Third-seeded Palo Alto edged top-seeded Los Altos, 13-12, in the finals of the CCS Division I tournament at Independence High on Monday, winning all three games of the tourney by a single goal.
The final four seconds against the Santa Clara Valley Athletic League champion Eagles were eerily similar to the final seconds of regulation against SCVAL runner-up Los Gatos in the semifinals.
In both cases it worked out but not without several tense moments and the Vikings (20-11) won their first CCS title in 21 years.
Top-seeded Menlo School took a different route to its first CCS title in 12 years, winning its three tournament games by 13, 4 and 10 goals in Division II. The Knights (20-9) were in complete control in beating Saratoga, 20-10, immediately following Paly.
Both teams advanced into the NorCal tournament, which was scheduled to get underway Friday in Clovis.
Palo Alto senior goalie Ben Rapperport had a feeling his team could win the title about halfway through the season.
"I really think over the second half of the season we were the best team in the SCVAL," he said. "We worked for it and we grinded it out."
The Knights reached the CCS Division II championship game last year, its first appearance in the finals in 11 years, only to lose.
"After that loss, I think we immediately set our sights on winning this year," Menlo senior Mia Rosenblatt said. "We've come a long way and have grown exponentially. It's all about being a cohesive team and trusting in each other. This means a lot to the seniors. This is the time Menlo makes a comeback and dominants again."
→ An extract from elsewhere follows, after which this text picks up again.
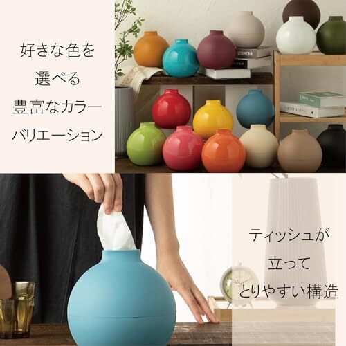 商品紹介 【アイコレクション ペーパーポットについて】 丸みのあるかわいいデザインが特徴のティッシュケースです。ソフトパックやボックスのティッシュ、ロールペーパー、ペーパータオルなど、さまざまなタイプの紙に対応しております。そのため、キッチンやリビング、洗面所など、どこでも活躍できます。本体は水をはじくABSでできており、ぬれた手でもご使用になれます。 【外観】 黒、白、ベージュなどのスタンダードなカラーから、赤やオレンジなどのビビッドなカラー、かわいいミッフィーの顔がデザインされたものまで、様々なバリエーションがあります。お部屋のインテリアや雰囲気に合わせる、ペーパーポットをインテリアの主役に据えるなど、活かし方はたくさん。さまざまな色を選ぶことができますので、お好みの色が見つかるはずです。 【機能】 ティッシュペーパーをはじめ、ペーパータオル、トイレットペーパーなど様々な種類の紙を入れてご使用になれます。中に入れる量を調整することで、厚手の紙から薄いロールペーパーまで対応可能。本体は耐水性のあるケースのため、汚れが気になるときはウェットティッシュなどで拭きとったり、分解して水でさっと洗うこともできます。 【利用シーン】 ・リビング ティッシュボックスをそのまま置くのは生活感がありすぎる、と思っている方や、ティッシュを目を惹くおしゃれなオブジェにしたい方におすすめです。 ・子供部屋 角がなく丸みのあるデザインのため、小さなお子様にも安全です。ぬいぐるみ等、かわいいインテリアがたくさんのお部屋にもよく馴染みます。 ・洗面所 耐水性のあるケースを用いているため、濡れた手でもご使用になれます。白を基調とした洗面所に、アクセントで明るいカラーを置いても、同系統の色で統一感を出してもおしゃれです。 ・寝室 丸みを帯びたやさしい形状と、アイボリーやブラウンなどのやわらかな色合いはゆっくり体と心を休めたい寝室に置くとゆったりと落ち着いた気持ちで過ごせます。イエロー、オレンジ等鮮やかなビタミンカラーなど、一日の始まりにふさわしい、エネルギッシュなカラーを置いて朝のエネルギーチャージにも。 【サイズ等仕様】 材質:ABS製 サイズ:直径17cm×高さ17.3cm 原産国;日本 その他注意事項:取り出し口はつねに開いており、フタもないため、ウェットティッシュやおしりふきなどの乾燥を避けたいもの、濡れた状態のものには不向きです。利用できるペーパー幅は125mmまでとなります。 より ●ティッシュペーパーとトイレットペーパーの両方セットできるホルダー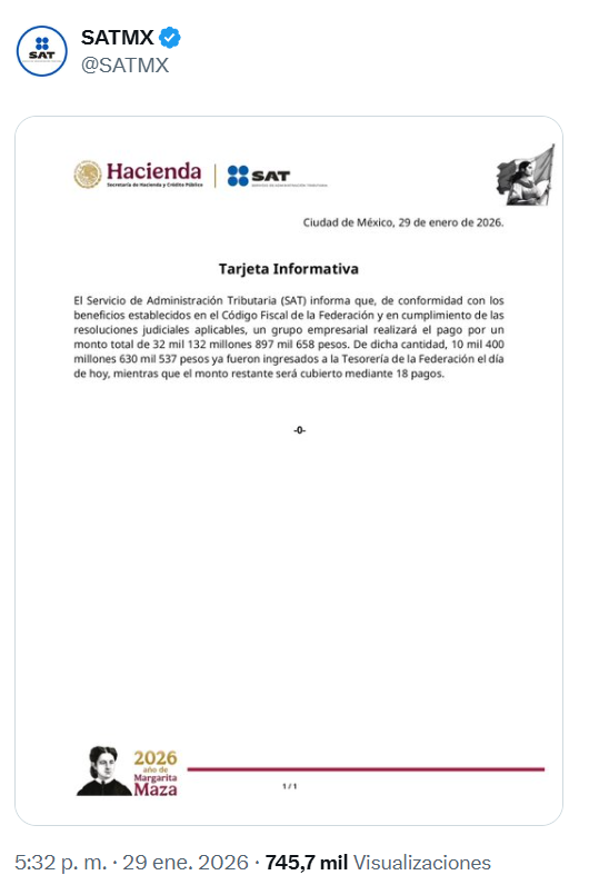 De acuerdo con un comunicado del SAT, de los 32,132 millones 897,658 pesos que debe cumplir el empresario luego de obtener un descuento de los 51 millones que había ordenado originalmente la Suprema Corte de Justicia de la Nación (SCJN), Salinas Pliego llevó a cabo un primer pago de 10,400 millones 630,537 pesos, el 29 de enero, los cuales ingresaron a la Tesorería de la Federación.

Paly grad Ethan Look is finishing his first year as coach on a high.
"During the first week of tryouts I brought everybody into the fabulous new gym and we looked at two banners, one a SCVAL banner and one a CCS banner," Look said. "We committed to it at that moment. These guys had great vision and a great work ethic. They deserved it."
Menlo coach Claire Howie is also in her first year after coaching the JVs last season.
"I can't ask for a better senior class," Howie said. "It started with three seniors who helped shape the entire season. When our starting goalie got hurt, Natalie (Hilderbrand) became our fourth senior. She was willing to step up and help her friends and the team."
It was that kind of support that inspired both teams to achieve their goals.
"In the first half of the season we dropped a few games but then changed up our schemes a little bit," said Paly junior Ryan Stanley, who scored a game-high six goals. "This means so much. When we went to the gym and realized it had been over 20 years . . . now we're there with the great players."
The Vikings (20-11) had only been in one other CCS title match (2007) since beating Menlo, 12-7, for the trophy in 1997.
Charles Mitz, Dexter Gormley and Zander Darby each scored twice and Javid Alasti also scored for the Vikings.
"A lot of people helped us win," Look said. "It wasn't just the team. From my first moment at Paly to this moment, I can thank (former coach) Brendan Johnson, (Paly A.D.) Therren Wilburn, the entire coaching staff, a lot of people contributed."
Playing in a CCS tournament wasn't on Meg Reinstra's radar when she and fellow seniors Rosenblatt and Meri Klingelhofer were freshman. After all, Menlo School hadn't been to a CCS tournament in 10 years.
Imagine how they felt Monday, standing there with the championship trophy.
"I remember as freshmen we were in the play-in game just to get into the PAL tournament," Reinstra said. "CCS was the last thing on our minds. We've definitely come a long way."
When sophomore Celeste Aguilar, the only available goalie on the team, got hurt six weeks into the season, the Knights needed another goalie quickly. Junior Sophie Reynolds, who also swims at Menlo, may be the unsung hero. She recruited fellow swimmer Hilderbrand, who had not played water polo since she was 12.
And while they might be losing four critical seniors, the Knights can replenish with the nine returnees, who accounted for 13 of the 20 goals on Monday, and a healthy Aguilar.
"It's been an awesome learning experience for myself, the coaching staff and the girls," Howie said. "Each year you could see them come together as a team a little more, training harder and participating in summer teams. Everybody was willing to put in the extra effort."